Caching data from MySQL DB - technique and appropriate STL container?

I am designing a data caching system that could have a very large amount of records held at a time, and I need to know what stl container to use and how to use it. The application is that I have an extremely large DB of records for users - when they log in to my system I want to pull their record and cache some data such as username and several important properties. As they interact with the system, I update and access their properties. Several properties are very volatile and I'm doing this to avoid "banging" on the DB with many transactions. Also, I rarely need to be using the database for sorting or anything - I'm using this just like a glorified binary save file (which is why I am happy to cache records to memory..); a more important goal for me is to be able to scale to huge numbers of users.
When the user logs out, server shuts down, or periodically in round-robin fashion (just in case..), I want to write their data back to the DB.
The server keeps its own:
vector <UserData *> loggedInUsers;
With UserData keeping things like username (string) and other properties from the DB, as well as other temporary data like network handles.
My first Q is, if I need to find a specific user in this vector, what's the fastest way to do that and is there a different stl container I can use to do this faster?
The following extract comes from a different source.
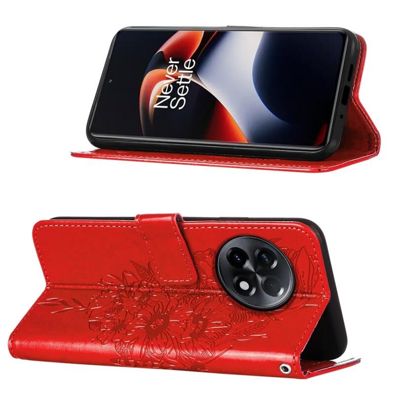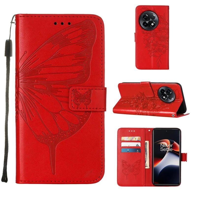 Θήκη τηλεφώνου από δέρμα με ανάγλυφο σχέδιο πεταλούδας για OnePlus Ace 2 5G / 11R 5G (Μαύρο)

What I do now is create an iterator, start it at loggedInUsers.begin() and iterate to .end(), checking *iter->username == "foo" and returning when it's found. If the username is at the end of the vector, or if the vector has 5000 users, this is a significant delay.
My second Q is, how can I round-robin schedule this data to be written back to the DB? I can call a function every time I'm ready to write a few records to the DB. But I can't hold an iterator to the vector, because it will become invalid. What I'd like to do is have a rotating queue where I can access the head of the queue, persist it to the DB, then rotate it to be the end of the queue. That seems like a lot of overhead.. what type could I use to do this better?
My third Q is, I'm using MySQL server and libmysqlclient connector/C.. is there any kind of built in caching that could solve this problem "for free", or is there a different technique altogether? I'm open to suggestions
A1. you're better off with a map, this is a tree that does the lookup for you. Test with a map and (assuming you have the right compiler) or a hash_map (which does the same thing, but the lookup mechanism is different). They have different performance characteristics for different types of data storage workloads.
A2. A list would probably be better for you - push to the front, pull off the end. (a deque could also be used, but you cannot keep an iterator if you erase from it, you can with a list). push_back and pop_front (or vice-versa) will allow you to keep a rolling queue of cached data.
A3. You could try SQLite, which is a mini-database designed for simple application-level db storage needs. It can work entirely in-memory too.
You don't say what your system does or how it's accessed, but this kind of technique probably won't scale well (because eventually you'll run out of memory and whatever you use to find information won't be as efficient as a database) and won't necessarily handle concurrent users properly, unless you make sure that data can be shared properly between them.
That said.. you might be better off using a map (http://www.cplusplus.com/reference/stl/map/) with the username as the key.
In terms of writing it back to the database, why not store a separate structure (a queue) that you can clear every time you write it to the database? As long as you're storing pointers it won't use much more memory. Which brings me to.. rather than using pointers you should take a look at smart pointers (for example boost's shared_ptr) which let you pass them around without worrying about ownership.